- What you are asked to do -
In this exercise, the entries below include pictures. Repeat exactly the lines from the line with "SpearKnight.io" to the line with "Buleleng, 5 November", including both, but without the pictures.

- Records to process -
----

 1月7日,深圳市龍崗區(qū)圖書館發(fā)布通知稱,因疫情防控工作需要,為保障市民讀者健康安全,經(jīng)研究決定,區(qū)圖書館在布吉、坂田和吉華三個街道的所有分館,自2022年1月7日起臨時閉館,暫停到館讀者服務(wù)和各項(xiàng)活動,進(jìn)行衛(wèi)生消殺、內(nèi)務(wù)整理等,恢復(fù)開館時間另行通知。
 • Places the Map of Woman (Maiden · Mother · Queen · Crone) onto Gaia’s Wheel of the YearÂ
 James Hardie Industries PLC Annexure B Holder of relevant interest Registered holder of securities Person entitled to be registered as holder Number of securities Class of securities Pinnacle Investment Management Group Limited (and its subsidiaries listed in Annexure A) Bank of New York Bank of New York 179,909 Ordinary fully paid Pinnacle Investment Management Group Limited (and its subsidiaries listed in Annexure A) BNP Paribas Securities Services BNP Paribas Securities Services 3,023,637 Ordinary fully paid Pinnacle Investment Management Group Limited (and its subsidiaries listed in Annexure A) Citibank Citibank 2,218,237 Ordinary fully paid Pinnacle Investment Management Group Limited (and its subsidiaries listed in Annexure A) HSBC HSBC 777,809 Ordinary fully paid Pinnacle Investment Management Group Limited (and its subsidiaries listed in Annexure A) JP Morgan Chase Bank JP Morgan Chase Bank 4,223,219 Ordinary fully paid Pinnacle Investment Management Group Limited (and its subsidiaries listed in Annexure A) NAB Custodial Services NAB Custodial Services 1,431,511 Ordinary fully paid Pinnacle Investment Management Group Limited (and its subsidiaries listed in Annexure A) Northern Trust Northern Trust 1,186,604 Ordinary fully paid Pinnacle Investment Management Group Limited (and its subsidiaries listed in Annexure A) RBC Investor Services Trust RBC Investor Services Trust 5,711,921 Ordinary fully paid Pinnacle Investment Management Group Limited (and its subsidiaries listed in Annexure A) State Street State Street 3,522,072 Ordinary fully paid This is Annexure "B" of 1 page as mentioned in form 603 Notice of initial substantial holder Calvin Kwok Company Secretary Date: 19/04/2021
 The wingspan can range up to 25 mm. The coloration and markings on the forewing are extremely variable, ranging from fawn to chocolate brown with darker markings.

----

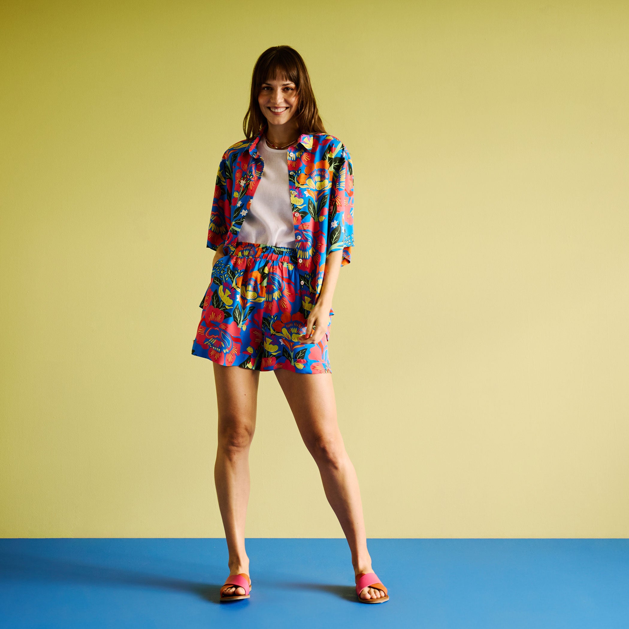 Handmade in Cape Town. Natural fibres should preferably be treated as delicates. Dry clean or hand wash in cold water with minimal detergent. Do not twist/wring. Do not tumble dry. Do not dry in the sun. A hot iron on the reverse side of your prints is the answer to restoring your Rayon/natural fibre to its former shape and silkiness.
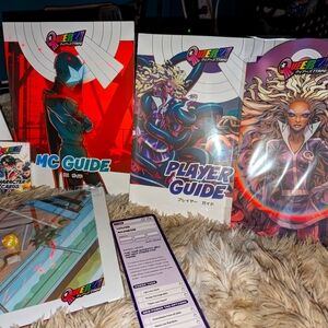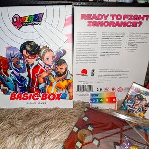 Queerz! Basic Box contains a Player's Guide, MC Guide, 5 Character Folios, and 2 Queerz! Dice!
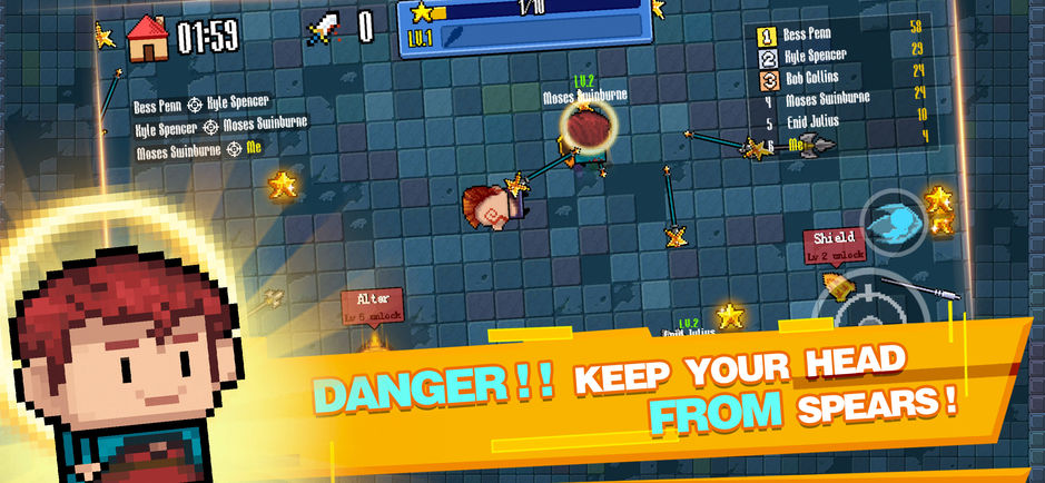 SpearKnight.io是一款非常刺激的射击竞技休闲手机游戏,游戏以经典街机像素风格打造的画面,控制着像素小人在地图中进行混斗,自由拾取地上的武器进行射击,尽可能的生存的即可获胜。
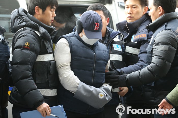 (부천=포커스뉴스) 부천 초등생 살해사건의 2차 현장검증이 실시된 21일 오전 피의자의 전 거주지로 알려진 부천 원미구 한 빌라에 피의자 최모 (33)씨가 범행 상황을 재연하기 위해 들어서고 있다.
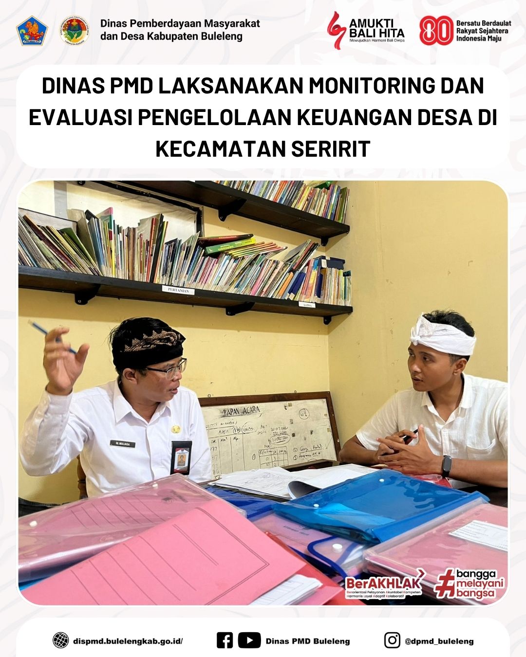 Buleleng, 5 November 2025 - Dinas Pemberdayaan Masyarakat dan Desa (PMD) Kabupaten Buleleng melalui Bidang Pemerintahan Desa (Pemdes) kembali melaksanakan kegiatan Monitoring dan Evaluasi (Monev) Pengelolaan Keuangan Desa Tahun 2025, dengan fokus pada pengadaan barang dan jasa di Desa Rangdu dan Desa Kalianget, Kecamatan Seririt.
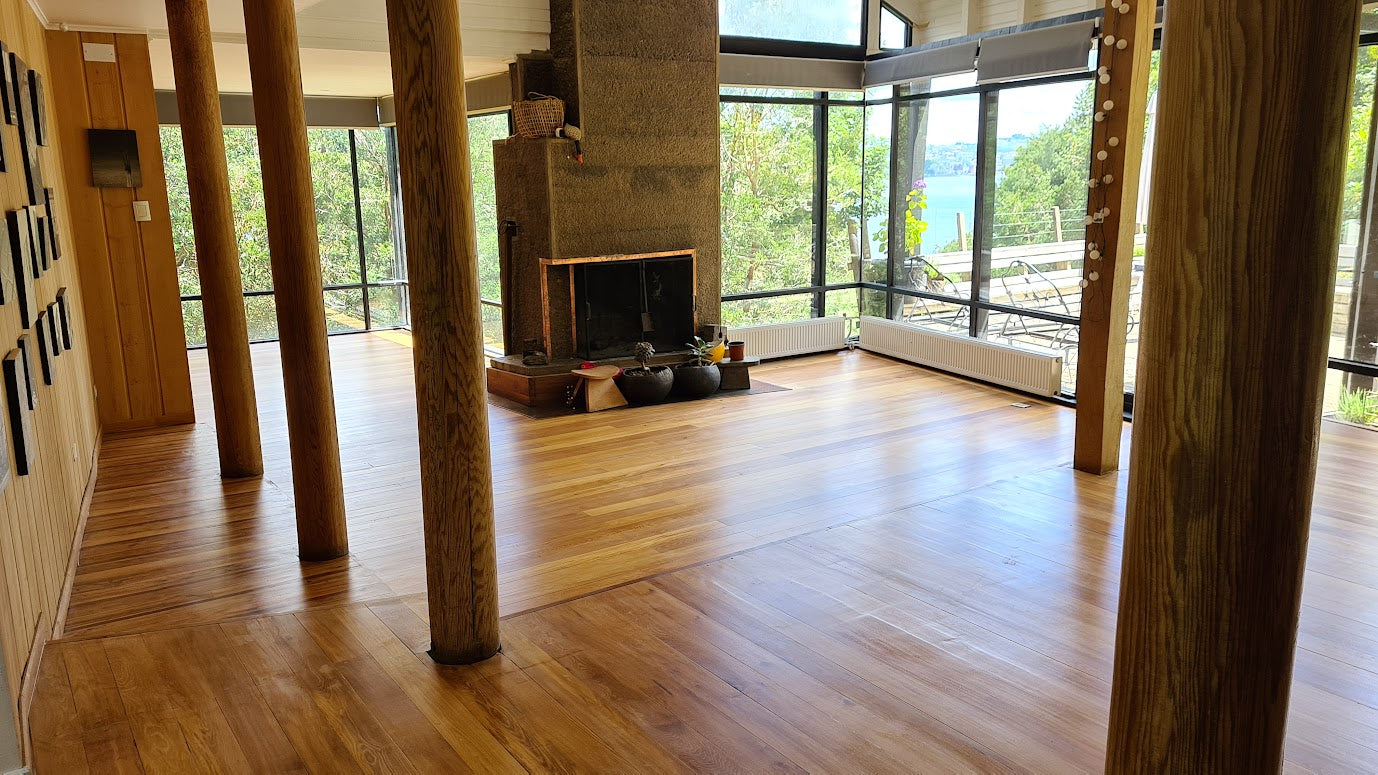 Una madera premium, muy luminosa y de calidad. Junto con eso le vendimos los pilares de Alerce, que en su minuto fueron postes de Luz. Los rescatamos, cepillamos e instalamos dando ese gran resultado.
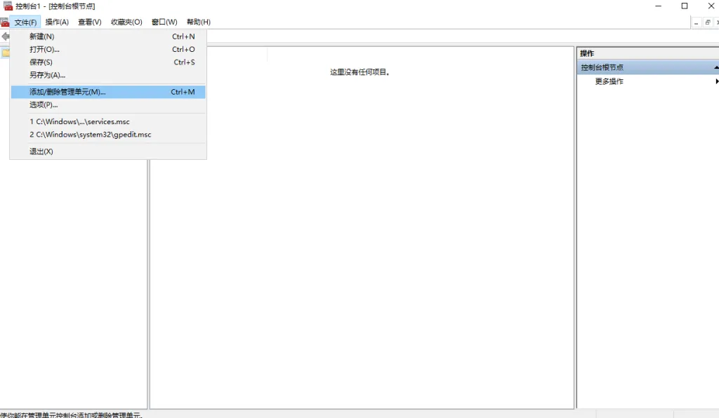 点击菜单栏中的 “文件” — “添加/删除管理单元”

----

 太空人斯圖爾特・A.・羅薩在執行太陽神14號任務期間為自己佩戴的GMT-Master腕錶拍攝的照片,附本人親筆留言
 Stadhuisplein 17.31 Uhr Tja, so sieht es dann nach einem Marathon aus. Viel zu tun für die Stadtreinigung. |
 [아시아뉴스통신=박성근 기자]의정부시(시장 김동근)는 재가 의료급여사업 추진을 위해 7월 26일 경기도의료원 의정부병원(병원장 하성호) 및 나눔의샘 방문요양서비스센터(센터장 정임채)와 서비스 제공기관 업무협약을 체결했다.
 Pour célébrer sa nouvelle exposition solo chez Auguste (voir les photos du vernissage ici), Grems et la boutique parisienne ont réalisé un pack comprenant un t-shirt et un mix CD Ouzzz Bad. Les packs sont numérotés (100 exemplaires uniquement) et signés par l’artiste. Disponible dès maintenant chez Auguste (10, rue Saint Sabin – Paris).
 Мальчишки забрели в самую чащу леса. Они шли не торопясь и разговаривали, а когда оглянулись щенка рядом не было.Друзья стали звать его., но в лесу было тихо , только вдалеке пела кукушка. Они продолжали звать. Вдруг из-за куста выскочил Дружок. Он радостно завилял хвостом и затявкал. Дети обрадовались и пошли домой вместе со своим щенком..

----

- Result -
 SpearKnight.io是一款非常刺激的射击竞技休闲手机游戏,游戏以经典街机像素风格打造的画面,控制着像素小人在地图中进行混斗,自由拾取地上的武器进行射击,尽可能的生存的即可获胜。
 (부천=포커스뉴스) 부천 초등생 살해사건의 2차 현장검증이 실시된 21일 오전 피의자의 전 거주지로 알려진 부천 원미구 한 빌라에 피의자 최모 (33)씨가 범행 상황을 재연하기 위해 들어서고 있다.
 Buleleng, 5 November 2025 - Dinas Pemberdayaan Masyarakat dan Desa (PMD) Kabupaten Buleleng melalui Bidang Pemerintahan Desa (Pemdes) kembali melaksanakan kegiatan Monitoring dan Evaluasi (Monev) Pengelolaan Keuangan Desa Tahun 2025, dengan fokus pada pengadaan barang dan jasa di Desa Rangdu dan Desa Kalianget, Kecamatan Seririt.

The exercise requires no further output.